Nesse sentido, o princípio da igualdade assume uma função de defesa contra atos do poder público, vedando-se qualquer discriminação como forma de impedir a instituição de privilégios incompatíveis com a razão humana. Esse batião de defesa do indivíduo expressa um mandamento constitucional geral obstativo da atividade do legislador e do aplicador do direito, impondo-lhes quase sempre um não fazer. De fato, aquele não pode, segundo critérios arbitrários, estipular tratamento jurídico discriminatório que se baseie na premissa da desigualdade; este, a seu turno, deve ser cego quanto a tais fatores no momento da aplicação do direito.

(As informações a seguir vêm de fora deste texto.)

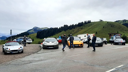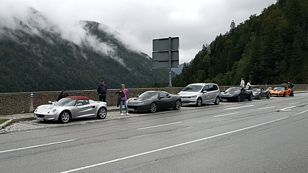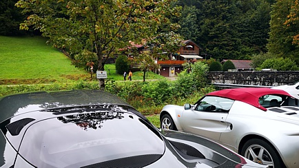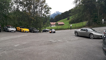 Zum Glück hatte Thomas noch zwei weitere „Pfeile im Köcher“. Fast alle entschieden sich für die zweite Option. Auch diese Route führte über schöne Bergstraßen. Anders als bei den Bayern-Events der vergangenen Jahre, musste unser Kurdirektor an diesem Wochenende keinen beruflichen Pflichten nachkommen und hatte somit die Gelegenheit, selbst mit seinem geliebten Lotus die Tour mitzufahren. Also legte er gemeinsam mit Sabine, seiner besseren Hälfte, als Sozius die Spur und der Rest folgte ihm. Die bekannte, rund 16 Kilometer lange Tatzelwurmstraße gehörte auch zu unserer Route.

Todavia, a experiência constitucional do século XX no mundo ocidental demonstrou que, na maioria dos Estados, certos grupos de indivíduos jamais conseguiram atingir padrões aceitáveis de igualdade material, de oportunidades, ou de ocupação de espaços públicos relevantes com base na simples premissa de que a lei não os discriminaria. Sistematicamente, seja em razão do gênero, da compleição física, do credo ou da etnia, dados empíricos demonstraram a utopia da isonomia jurídica como remédio para as desigualdades. Surge a idéia da especialização do sujeito de direito, que BOBBIO destaca:

"Assim, com relação ao abstrato sujeito "homem", que já encontrara uma primeira especificação no "cidadão" (no sentido de que podiam ser atribuídos ao cidadão novos direitos com relação ao homem em geral), fez-se valer a exigência de responder com nova especificação à seguinte questâo: que homem, que cidadão?Essa especificação ocorreu com relação seja ao gênero, seja às várias fases da vida, seja à diferença entre estado normal e estados excepcionais na existência humana." (7)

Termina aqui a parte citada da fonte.